A recurring image seen in Te Waru Rewiri's works is the cross, which carries many different meanings depending on its context and treatment. Her art work Te Rīpeka (Crucifixion) (1985), is about the 19th century censorship of Māori carving by the church. Influenced by the Ratana religious and political movement, her expressive paintings explore the effects of colonisation and portray the significance of taonga Māori. As curator Nigel Borell writes, "Kura Te Waru Rewiri's painting practice has forged new ways to understand and appreciate the scope of contemporary painting informed by Māori realities, beliefs and paradigms."

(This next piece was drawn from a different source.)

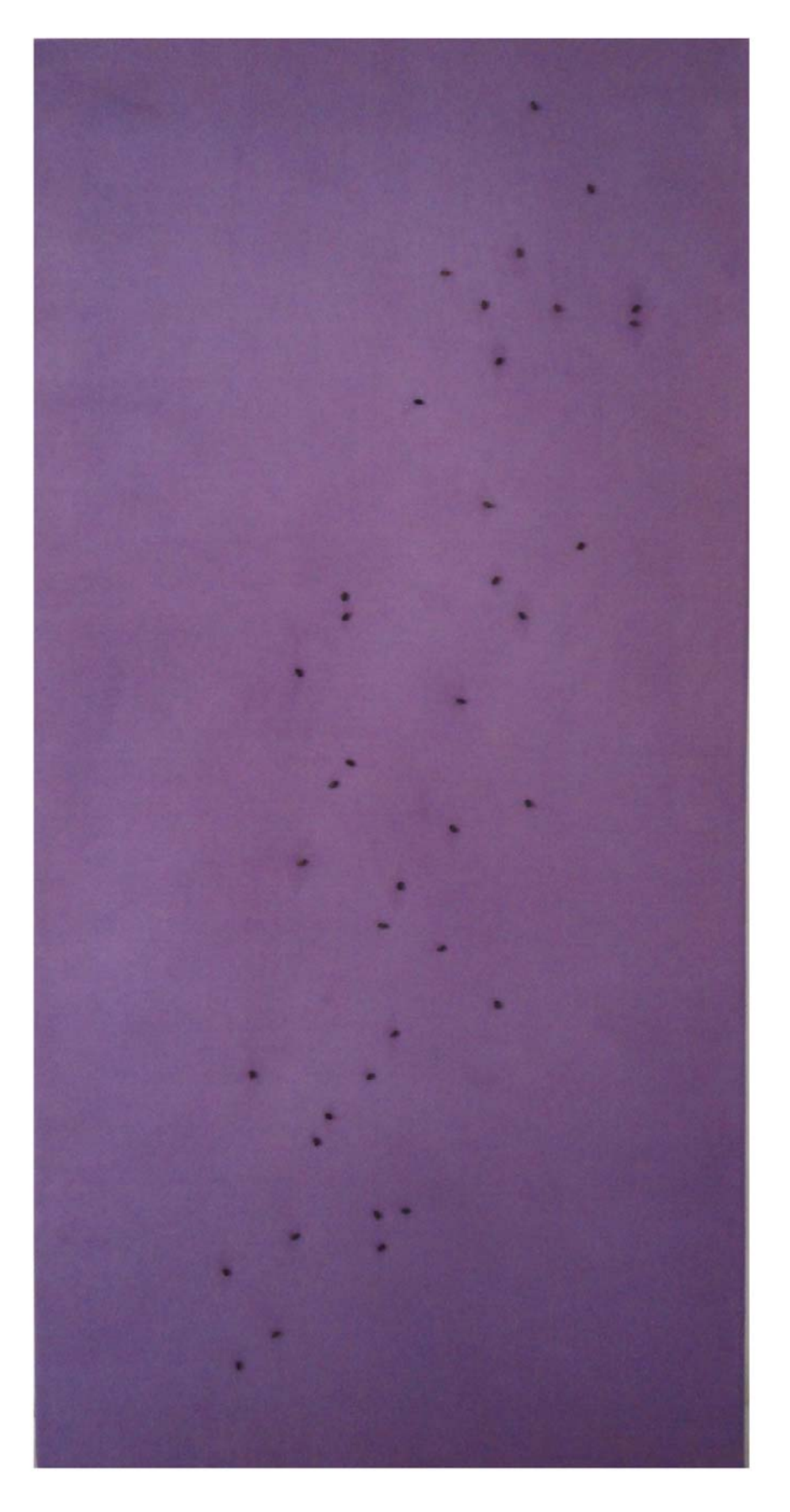
Figure 7: Life Given Life Giving.

A lithograph by Te Waru Rewiri called Mask V is held in the collections of the Christchurch Art Gallery. In 2012 Mangere Arts Centre Ngā Tohu o Uenuku held a survey exhibition of Te Waru Rewiri's work curated by Nigel Borell. The accompanying publication KURA: Story of a Māori Women Artist include essays by prominent Māori curators, Megan Tamati-Quennell, Ngahiraka Mason and Dr Deidre Brown. In 2014 Te Waru Rewiri's work featured in Five Māori Painters a major exhibition held at Auckland Art Gallery.

Te Waru-Rewiri is one of the few women who have led a wharenui (Māori meeting house) project with Te Puna o Te Matauranga (The Spring of Knowledge) on NorthTec's Raumanga campus that opened in 2015. It is a contemporary marae and the wharenui features artworks by Te Waru-Rewiri, Lorraine King, Michael Rewiri-Thorsen, Te Warihi Hetaraka, James Te Kuiti Stewart, Te Hemo Ata Henare and others.

In 2019 Te Waru Rewiri was recognised with a Te Waka Toi award, 'Te Tohu o Te Papa Tongarewa Rongomaraeroa | Outstanding contribution to Ngā Toi Māori'.

Te Waru Rewiri is currently a senior tutor in Maunga Kura Toi a Bachelor of Māori Art at Northtec Tai Tokerau Wānanga. Te Waru Rewiri is also a board member of Te Waka Toi, the Māori arts board of Creative New Zealand.